*** Input data

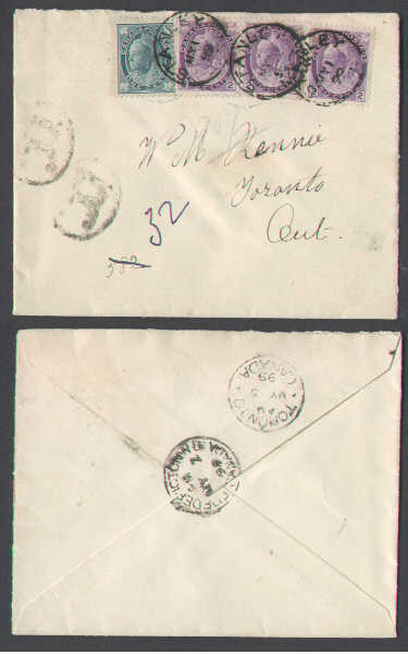 Scan #7120 - 1c + 3c(2) Numerals registered - Lindsay , Ont squared circel B/S - AM / Ap 6 / 1899 - $19.50 Cdn -
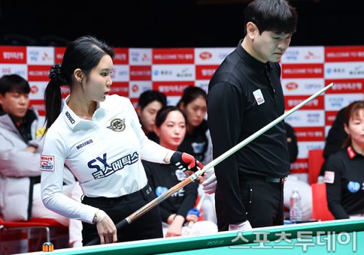 [고양(경기)=스포츠투데이 팽현준 기자] 7일 경기도 킨텍스 PBA스타디움에서 열린 웰컴저축은행 PBA 팀리그 2025-2026 5라운드 에스와이와 휴온스의 경기에서 에스와이 이우경이 샷을 하고 있다. 2026.01.07.
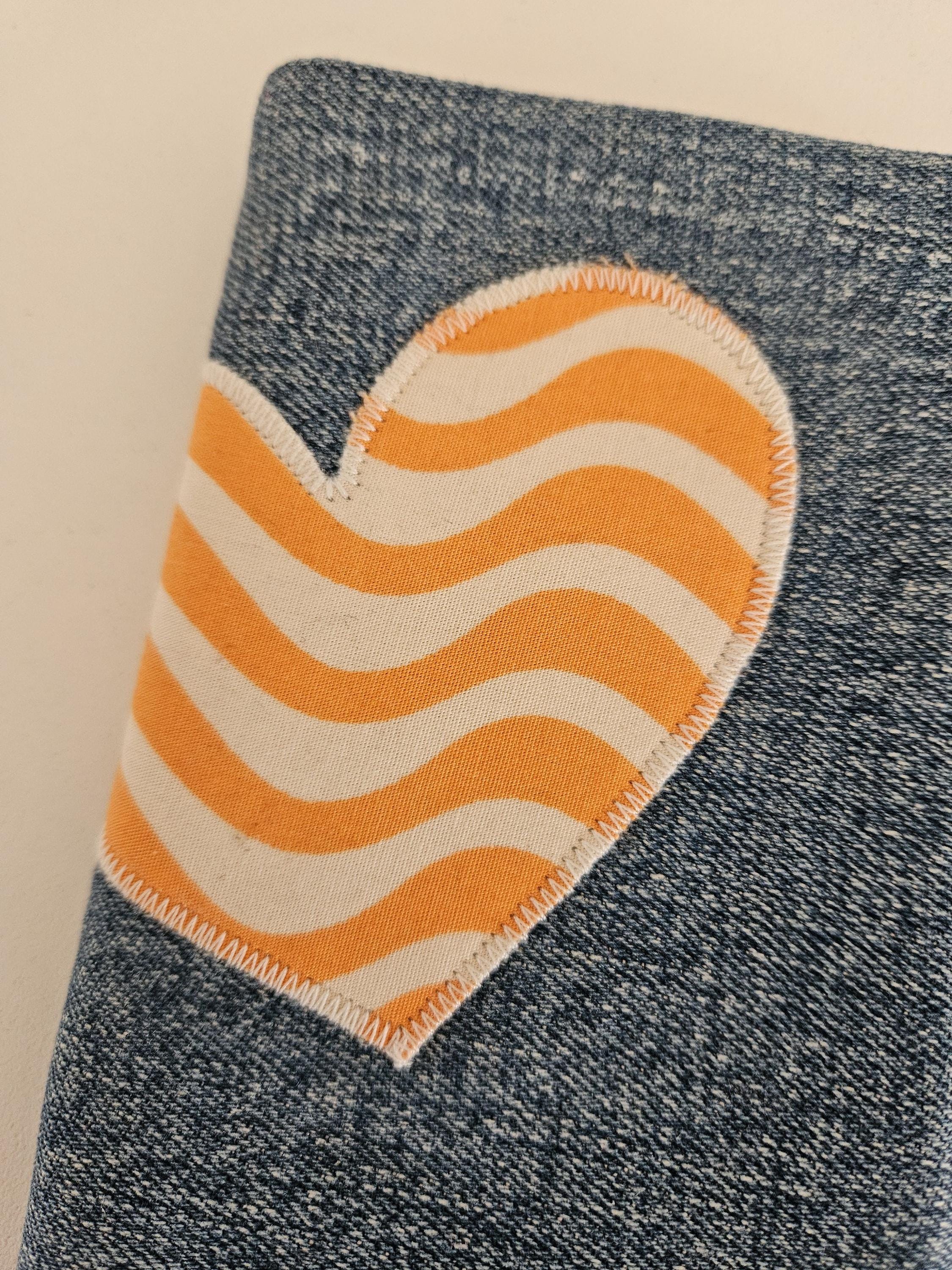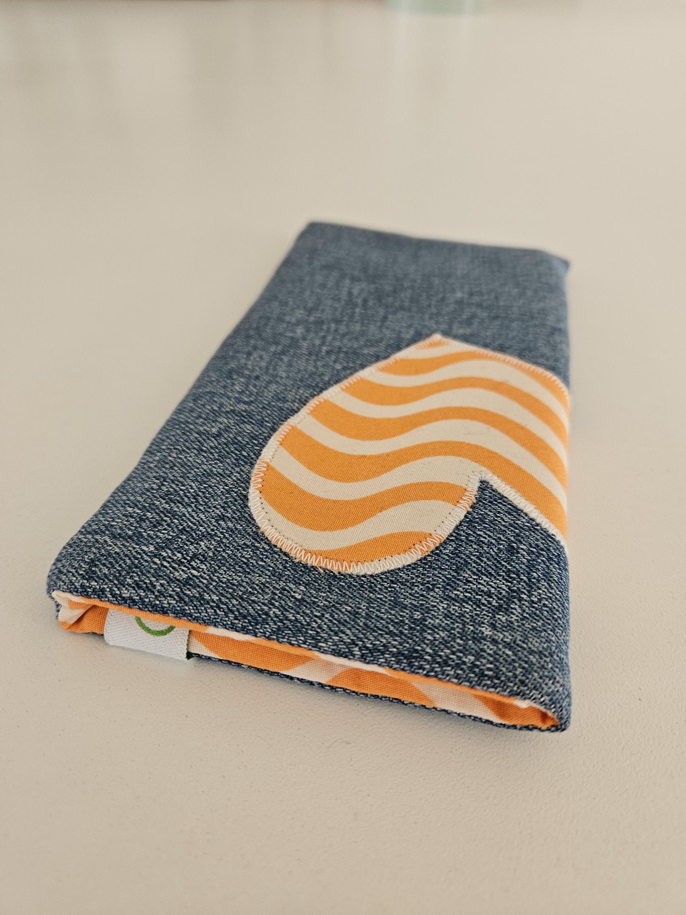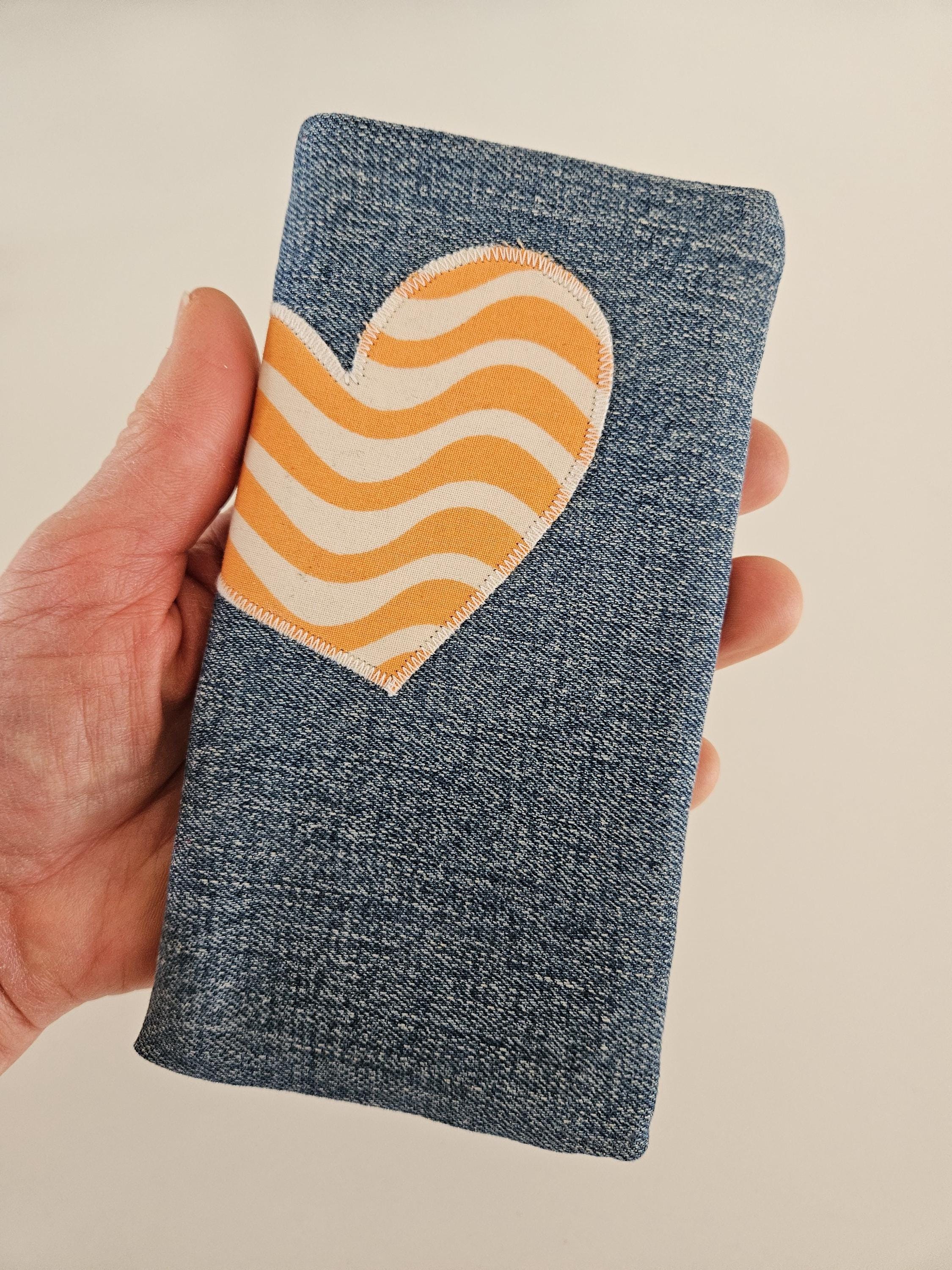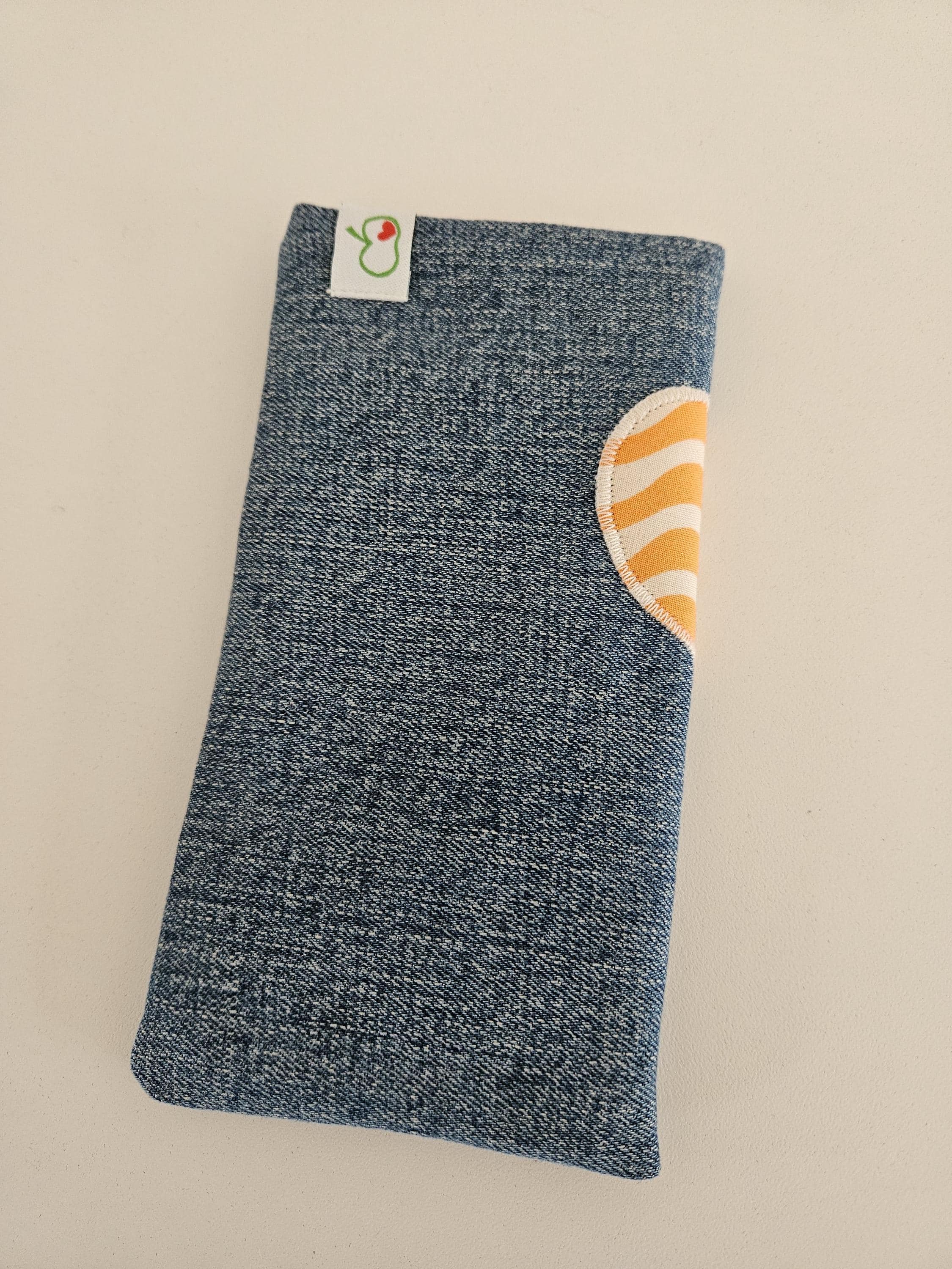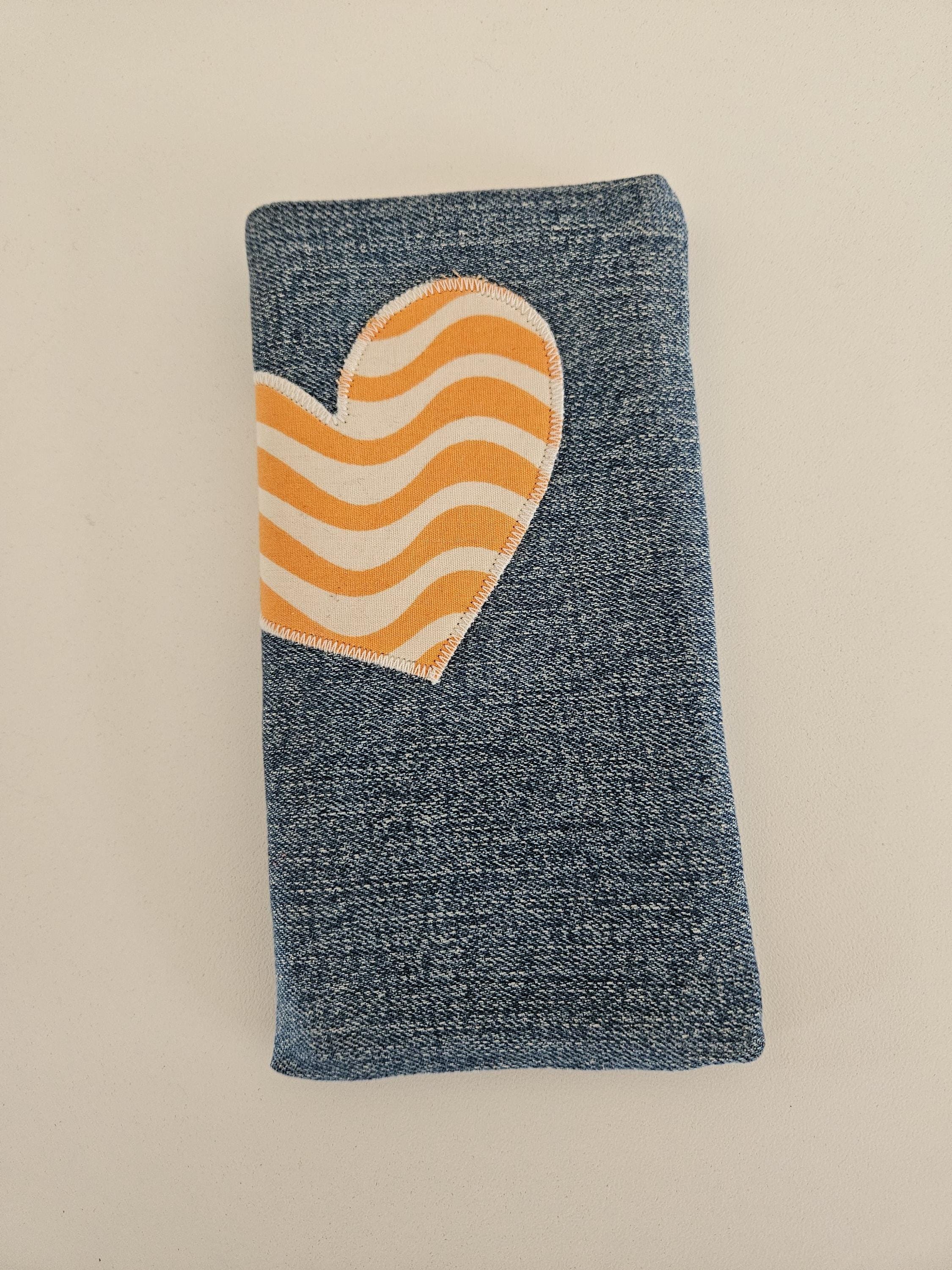 This practical phone case is made of recycled denim in a medium-blue wash with a lovely texture. A real eye-catcher is the sewn-on heart made of organic cotton with a striking wave pattern in orange and natural white. This beautiful new fabric is also used for the lining. To protect your smartphone, the case is lined with soft fleece.

******

### Assigned task
Please set the data above down exactly, with the pictures removed.

### Result for this task
 Scan #7120 - 1c + 3c(2) Numerals registered - Lindsay , Ont squared circel B/S - AM / Ap 6 / 1899 - $19.50 Cdn -
 [고양(경기)=스포츠투데이 팽현준 기자] 7일 경기도 킨텍스 PBA스타디움에서 열린 웰컴저축은행 PBA 팀리그 2025-2026 5라운드 에스와이와 휴온스의 경기에서 에스와이 이우경이 샷을 하고 있다. 2026.01.07.
 This practical phone case is made of recycled denim in a medium-blue wash with a lovely texture. A real eye-catcher is the sewn-on heart made of organic cotton with a striking wave pattern in orange and natural white. This beautiful new fabric is also used for the lining. To protect your smartphone, the case is lined with soft fleece.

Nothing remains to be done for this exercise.